▸ Dataset excerpt
_ _ _ _

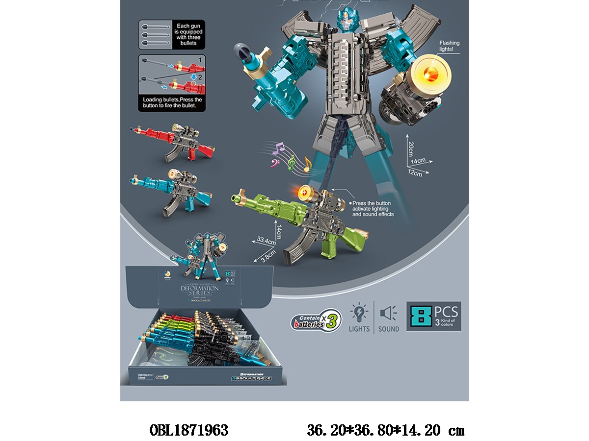 Catapult rifle deformation robot with sound and light, USB cable, 3.7V lithium battery pack, 3-color mixed packaging, 8 pieces per display box
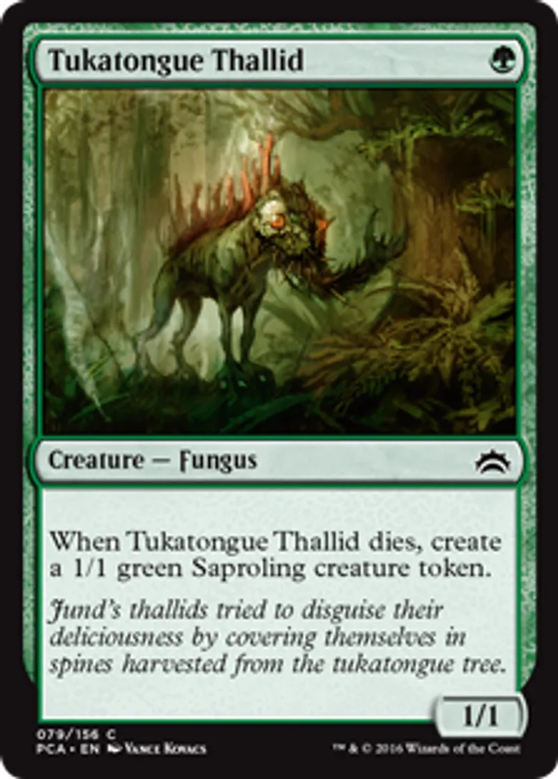 | Oracle Text | When Tukatongue Thallid dies, create a 1/1 green Saproling creature token. | ||
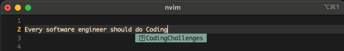 Viewed in neovim that looks like this: Step 4In this step your goal is to support Completion Requests. These are the requests that support code completion in your editor. In my solution I added support for the Completion Item “CodingChallenges” which looks like this in neovim: You’ve now built the framework needed to implement a full language server, though there is obviously much more that is possible, just take a read through the rest of the specification! Going FurtherTo take this project further you can work through the full specification adding support for all the notifications we didn’t look at. Alternately, or as well, you can build a tool to analyse the document(s) for a programming language of your choice. If you don’t know where to start there, perhaps check out the build your own JSON parser coding challenge and then use that parser to build a language server for JSON. P.S. If You Enjoy Coding Challenges Here Are Four Ways You Can Help Support It

_ _ _ _

▸ Task directions
The whole listing above is to be repeated exactly, apart from its pictures.

▸ Finished task
 Catapult rifle deformation robot with sound and light, USB cable, 3.7V lithium battery pack, 3-color mixed packaging, 8 pieces per display box
 | Oracle Text | When Tukatongue Thallid dies, create a 1/1 green Saproling creature token. | ||
 Viewed in neovim that looks like this: Step 4In this step your goal is to support Completion Requests. These are the requests that support code completion in your editor. In my solution I added support for the Completion Item “CodingChallenges” which looks like this in neovim: You’ve now built the framework needed to implement a full language server, though there is obviously much more that is possible, just take a read through the rest of the specification! Going FurtherTo take this project further you can work through the full specification adding support for all the notifications we didn’t look at. Alternately, or as well, you can build a tool to analyse the document(s) for a programming language of your choice. If you don’t know where to start there, perhaps check out the build your own JSON parser coding challenge and then use that parser to build a language server for JSON. P.S. If You Enjoy Coding Challenges Here Are Four Ways You Can Help Support It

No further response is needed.